_REQUIRED ACTION_
Please transcribe only the lines from the one holding "V okolici Poreča, približno" through the final line of the data, both included, with no pictures.

Source data
▬▬▬

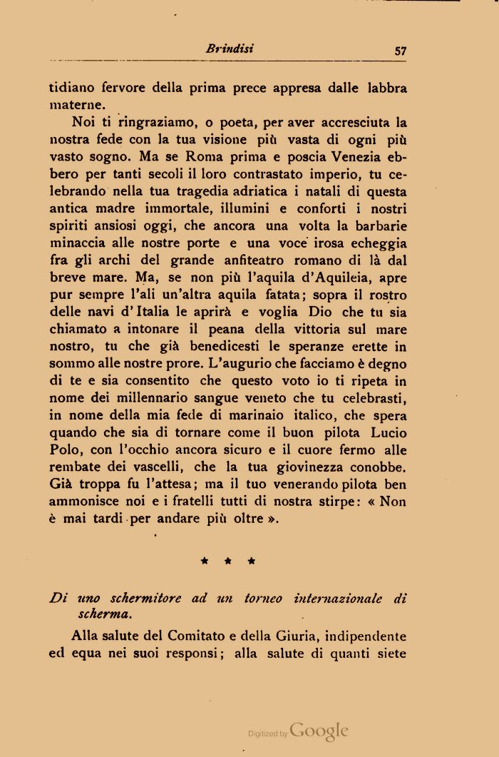 Noi ti ringraziamo, o poeta, per aver accresciuta la nostra fede con la tua visione pił vasta di ogni pił vasto sogno. Ma se Roma prima e poscia Venezia ebbero per tanti secoli il loro contrastato imperio, tu celebrando nella tua tragedia adriatica i natali di questa antica madre immortale, illumini e conforti i nostri spiriti ansiosi oggi, che ancora una volta la barbarie minaccia alle nostre porte e una voce irosa echeggia fra gli archi del grande anfiteatro romano di lą dal breve mare. Ma, se non pił l'aquila d'Aquileia, apre pur sempre l'ali un'altra aquila fatata; sopra il rostro delle navi d'Italia le aprirą e voglia Dio che tu sia chiamato a intonare il peana della vittoria sul mare nostro, tu che gią benedicesti le speranze erette in sommo alle nostre prore. L'augurio che facciamo č degno di te e sia consentito che questo voto io ti ripeta in nome dei millennario sangue veneto che tu celebrasti, in nome della mia fede di marinaio italico, che spera quando che sia di tornare come il buon pilota Lucio Polo, con l'occhio ancora sicuro e il cuore fermo alle rembate dei vascelli, che la tua giovinezza conobbe. Gią troppa fu l'attesa; ma il tuo venerando pilota ben ammonisce noi e i fratelli tutti di nostra stirpe: « Non č mai tardi per andare pił oltre».
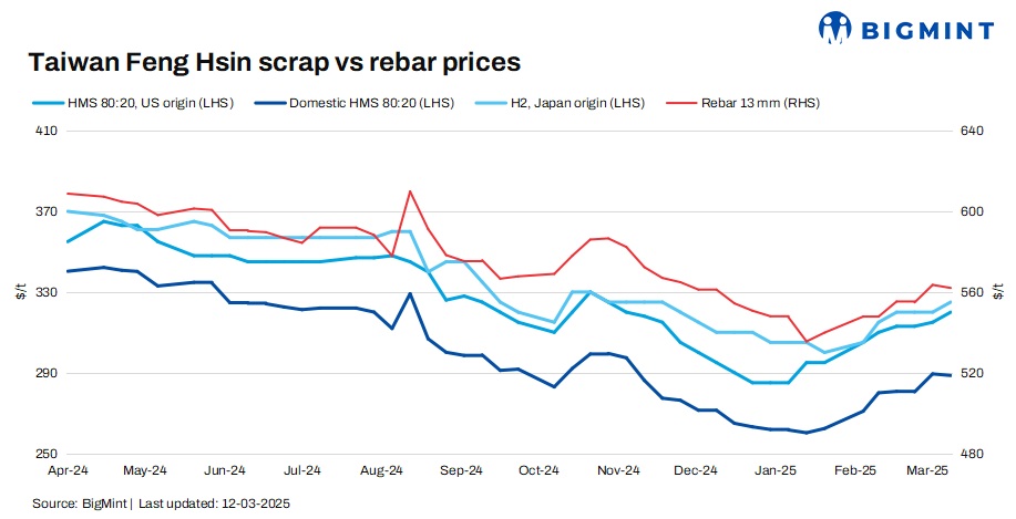 As of March 10, the price of US-sourced HMS 1&2 80:20 scrap was reported at $320/t CFR Taiwan, higher by $5/t on week, while the price of Japan-origin H2 scrap grew by $5/t on week to reach $325/t CFR Taiwan, according to a local market source.
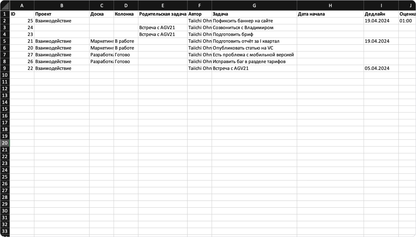 Файл отчёта автоматически загрузится на ваше устройство. Сформированный отчёт содержит информацию о задачах, которые были созданы, выполнены или сроки выполнения которых попадают в указанный период времени.
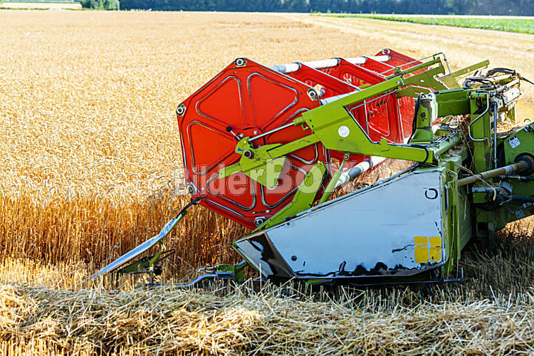 Beschreibung Ein Getreidefeld mit Weizen bei der Ernte. Ein Mähdrescher bei der Arbeit.
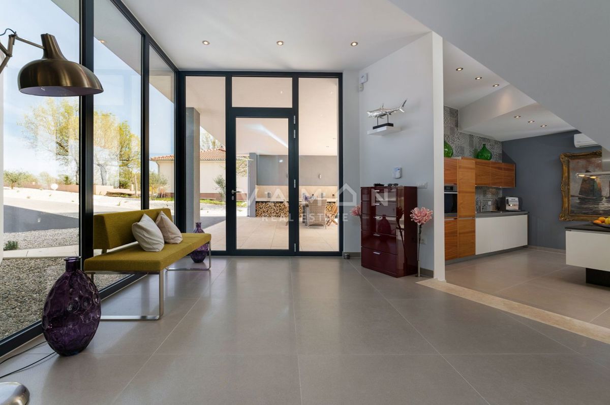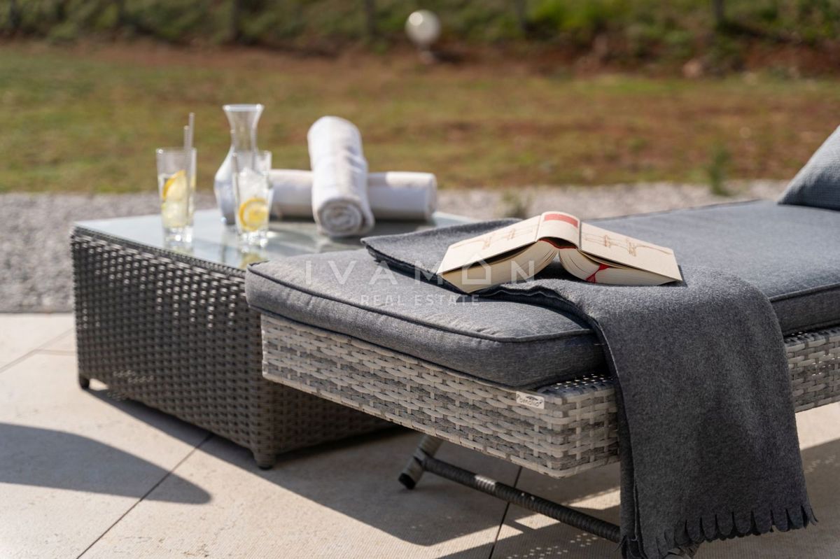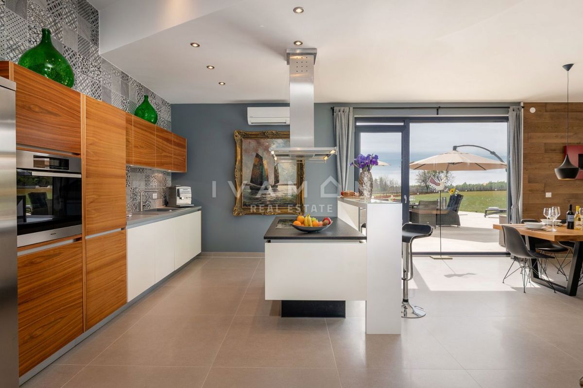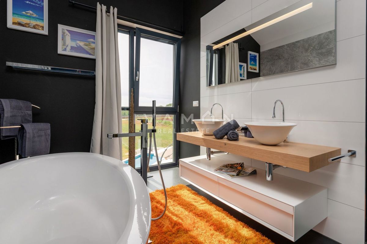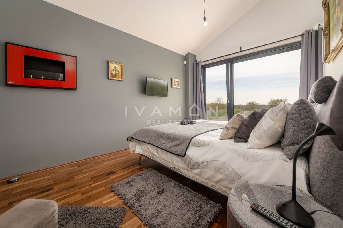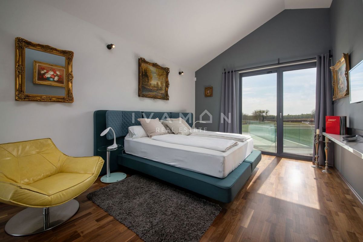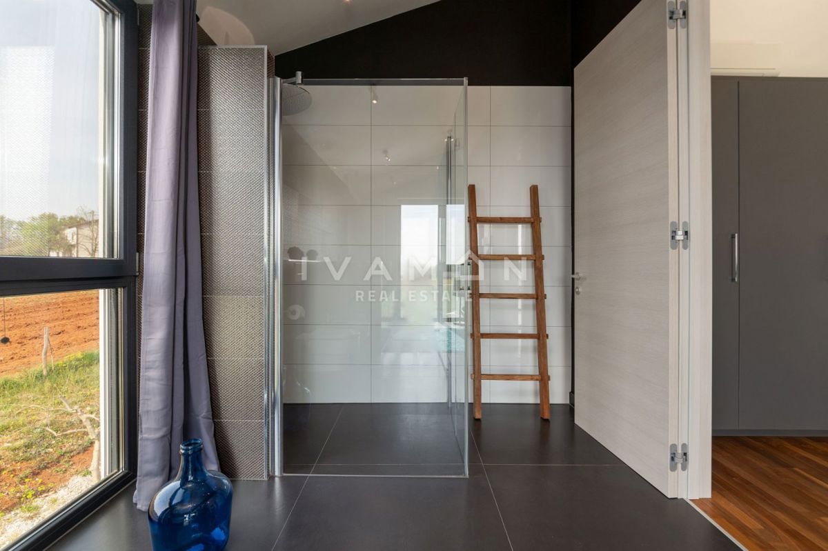 V okolici Poreča, približno 12 kilometrov od morja, na zelo mirni lokaciji v majhnem vasici z le nekaj hišami, je naprodaj nova vila s bazenom in šestimi spalnicami. Nahaja se na velikem zemljišču površine 6271 m². Vila obsega skupno 437 m² površine, raz
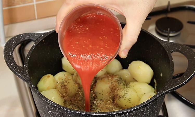 Добавьте в казан по 1 чайной ложке базилика, сухого чеснока и 1/2 чайной ложки молотого кориандра. Влейте в казан 1 стакан перетертых томатов. Добавьте соль и сахар по вкусу. Весь картофель должен быть погружен в томатный соус.

▬▬▬

_RESPONSE_
 V okolici Poreča, približno 12 kilometrov od morja, na zelo mirni lokaciji v majhnem vasici z le nekaj hišami, je naprodaj nova vila s bazenom in šestimi spalnicami. Nahaja se na velikem zemljišču površine 6271 m². Vila obsega skupno 437 m² površine, raz
 Добавьте в казан по 1 чайной ложке базилика, сухого чеснока и 1/2 чайной ложки молотого кориандра. Влейте в казан 1 стакан перетертых томатов. Добавьте соль и сахар по вкусу. Весь картофель должен быть погружен в томатный соус.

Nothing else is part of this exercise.